Nikolaï Dzyubenko : L’idée est de pouvoir les réutiliser dans le futur. La tendance étant à la monoculture, la diversité génétique se perd petit à petit. Mais nous ne savons de quoi demain sera fait, quels seront les besoins et les conditions climatiques. En collectant un maximum de la biodiversité actuelle, nous espérons assurer l’avenir alimentaire en ayant la possibilité de créer des variétés résistantes ou adaptées à des climats spécifiques. A côté de cela, nous avons également l’ambition de sauvegarder l’héritage culturel humain, c’est-à-dire de garder une trace des espèces développées par l’humanité au fils des ans après de longs processus de sélection.

Est-ce que, 90 ans après la création de l’Institut, de nouvelles graines sont encore aujourd’hui ajoutées aux collections ?

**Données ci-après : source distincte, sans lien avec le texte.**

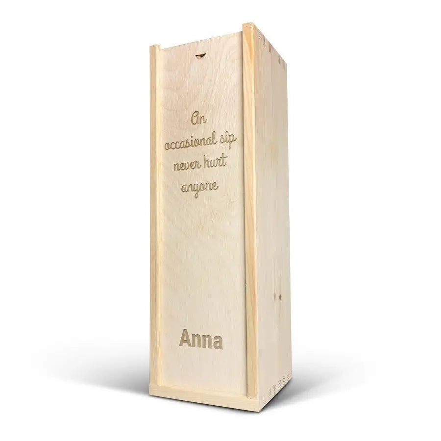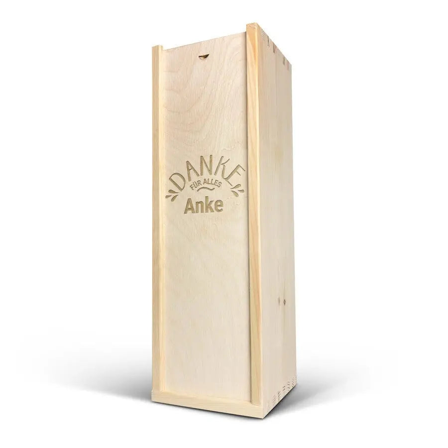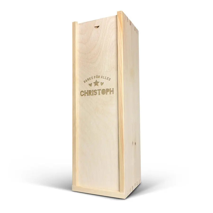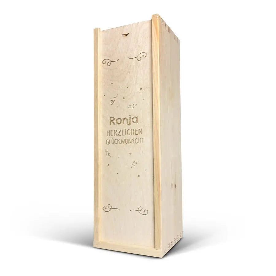 Plus d'informations sur le coffret luxueux : Personnalisation : avec nom ou texte. Emplacement de la personnalisation : sur le couvercle en bois. Méthode de personnalisation : gravure laser de haute qualité. Dimensions du coffret : 36,5 x 12 x 11 cm. Dimensions du couvercle : 35,6 x 10,5 x 0,3 cm. Bonus : le coffret en bois est certifié FSC. Plus d'informations sur le vin mousseux : Marque : Palau Gazo. Type : cava. Contenu : 750 ml. Pays d'origine : Espagne. Cépages : Parellada, Macabeo et Xarel-Lo. Caractère : Bulles fines, fruité avec des arômes de pomme verte. Un arrière-goût doux et rond. Parfait pour les fêtes.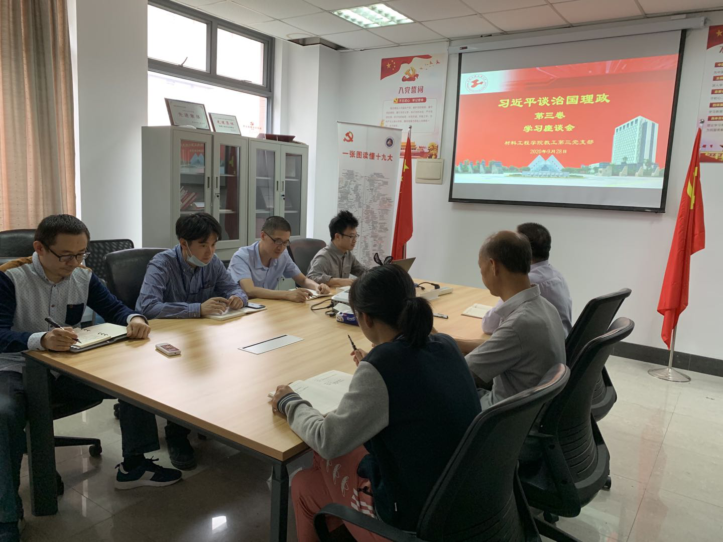9月28日下午,材料工程学院教工第三党支部在实训一号楼1213会议室开展了《习近平谈治国理政》第三卷学习座谈会,支部全体党员参加学习,会议由支部书记李绍伟主持。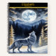 A wolf howls beneath a full moon in a snowy forest notebook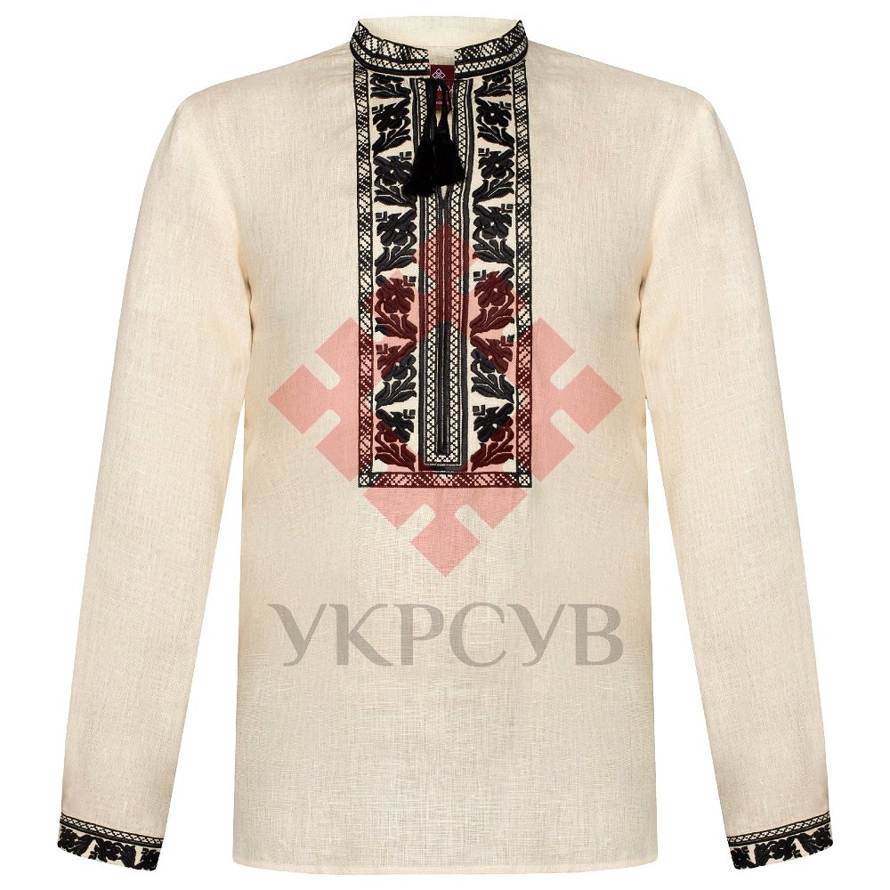 Сорочка чоловіча вишиванка Фолк мода (7002)Ця вишукана чоловіча вишиванка кольору натурального льону виконана за мотивами борщівської вишивки. Дана модель сорочки багата на різноманітні деталі: незвична квіткова вишивка гладдю, дерев'яні гудзики на манжетах, зручні зав'язки-китиці. Щоб придбати цю вишиванку достатньо лише обрати потрібний розмір та оформити замовлення. Загальна інформація Тканина: 100% льон Догляд: Прання:

Oui, tout à fait, des expéditions de collecte sont toujours organisées. Les voyages ne se font plus aux quatre coins du monde comme au temps de Vavilov, mais principalement dans le territoire russe ou les pays environnants. Cette année, 13 expéditions se sont succédées, et cette dynamique devrait perdurer si le financement le permet.

Une fois stockées, que deviennent les graines ?

A température ambiante, une graine ne se conserve pas plus de 5 à 7 ans Si elle est congelée, cela peut aller jusqu’à 50 ans. Les graines doivent donc être régénérées régulièrement. Concrètement, chaque année, 10 % de la collection est remise en terre. Les plantes grandissent et leurs graines sont collectées. La collection compte des plantes requérant tous les types de climats, excepté les plantes subtropicales et tropicales qui ne sont pas cultivables en Russie. C’est pourquoi l’Institut Vavilov possède 11 stations expérimentales réparties à travers le pays, correspondant à ses différents climats et servant à la régénération des semences.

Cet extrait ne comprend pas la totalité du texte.